Fabric enabled Workspace is the pre-requisite to be able to setup and end to end demonstration in your own environment. The instructions below are combination of Spark Notebook and a few manual steps to create Power BI Dataset and corresponding report.


Steps to setup demo in your own environment

Click the url above for instructions aon setting up your Lakehouse and importing the Spark Notebooks.


Step 2: Download Raw Files and build out Silver and Gold Layer Tables (Star Schema) to be used for Reporting

Two methods are documented and available for this step and only one of the two needs to be implemented. The choice on which method to use is more of a preference based on your skill set. Microsoft Fabric is a broad platform and allows end users to pick tools of their preference hence choice here demonstrates verstaility of the platform. In this step Bronze, Silver and Gold Layers of Medallion architecture are built using slightly different methods, the biggest difference is whether Gold Layer Star Schema Tables to be used for reporting are created in a Lakehouse or a Warehouse.

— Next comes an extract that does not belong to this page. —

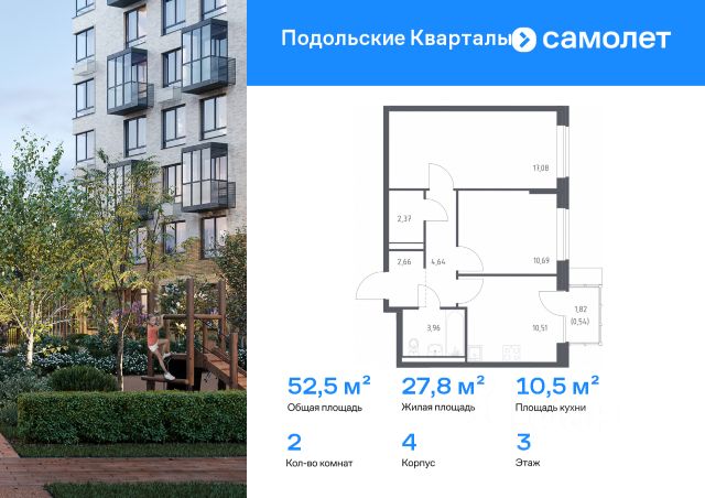 Строим кварталы для жизни с заботой о будущем. Предлагается 2-комнатная квартира комфорт-класса 53,88 кв.м в корпусе 4 на 3 этаже, в ЖК "Подольские Кварталы" Квартира без отделки. Доступность опции "отделка" и возможность комплектации мебелью и декором уточняйте у застройщика. Приобрести квартиру возможно по специальным акциям от застройщика, с текущими условиями акций можно ознакомиться в блоке "Акций". Цена динамическая и может отличаться, уточняйте актуальность у застройщика. "Подольские кварталы" — жилой комплекс в Новой Москве, рядом с Дубровицким лесом и рекой Десной. До станции МЦД-2 "Остафьево" - 5 минут на общественном транспорте, до станции МЦД-2 "Силикатная" — 8 минут на машине. Рядом — музей-заповедник "Остафьево", усадьбы Плещеево и Дубровицы. В квартале будут детский сад на 200 мест и учебно-воспитательный комплекс на 1 500 мест, в который войдут школа и детский сад. Первые этажи жилых корпусов займут квартиры, кафе, магазины и салоны красоты. Дворы-парки будут радовать жителей цветением и зеленью: здесь высадят липы, сосны, ели, клены и сирень. Плэйхаб станет местом встреч всех любителей активного отдыха: застройщик оборудует зоны тренажеров и воркаута, площадки для игр в настольный теннис, мяч, шахматы. Также появятся современные игровые площадки для детей. Для автовладельцев предусмотрен многоуровневый паркинг. В проекте — монолитные дома высотой от 9 до 12 этажей. Теплые оттенки фасадов соответствуют дизайн-коду "Янтарный берег". Фасады облицованы ложковой кирпичной кладкой.

Note: Fabric Data Factory Pipeline implementation steps are manual for now but we will look into making it easier using automation in future. Both options 2a and 2b are manual but Step 2a is going to be a little less effort to setup because it uses Spark Notebooks which can be easily imported for use in your Fabric workspace. Step 2b will require little extra effort to setup Pipeline activities for SQL Stored Procedures, but in return the Gold Layer will be in the Fabric Warehouse instead of the Lakehouse (folks from a SQL background may prefer this option).

2a. Gold Layer in Fabric Lakehouse - A Fabric Data Factory Pipeline is implemented to use Spark Notebooks for building out all three layers - Bronze, Silver and Gold Layers in a Fabric Lakehouse. Click the link below for instructions in this GitHub Repo, and you can also watch a video reviewing the 2a process at this link: https://youtu.be/TG03mkJKq4k

Setup Pipeline with Gold Layer in Fabric Lakehouse

Skip to Step 3 if Step 2a was chosen and successfully executed to create star schema tables.

2b. Gold Layer in Fabric Warehouse - Fabric Data Factory Pipeline is implemented to use Spark Notebooks for building Bronze and Silver Layers in a Lakehouse but SQL Stored Procedures for building out the final Gold Layer persisted in Fabric Warehouse. A video detailing the creation and deployment of these Stored Procedures can be found at this link: https://youtu.be/G6t4d5FU0zI

You will need the Lakehouse name from Step 1 and if you used the suggested name cms_lakehouse it will be easier otherwise a few edits in T-SQL scripts will be required.

Setup Pipeline with Gold Layer in Fabric Warehouse


Step 3: Create the Direct Lake Power BI Star Schema Semantic Model with DAX expressions and metadata - Steps are manual at this time but in the future we plan to automate for quick setup.


Step 4: Create Reports using Power BI or Connect using Excel - Steps are manual at this time but in future plan to automate for quick setup. We do have a .pbix file in this repo that can connect to the Semantic Model if the metadata matches the naming conventions in Step 3.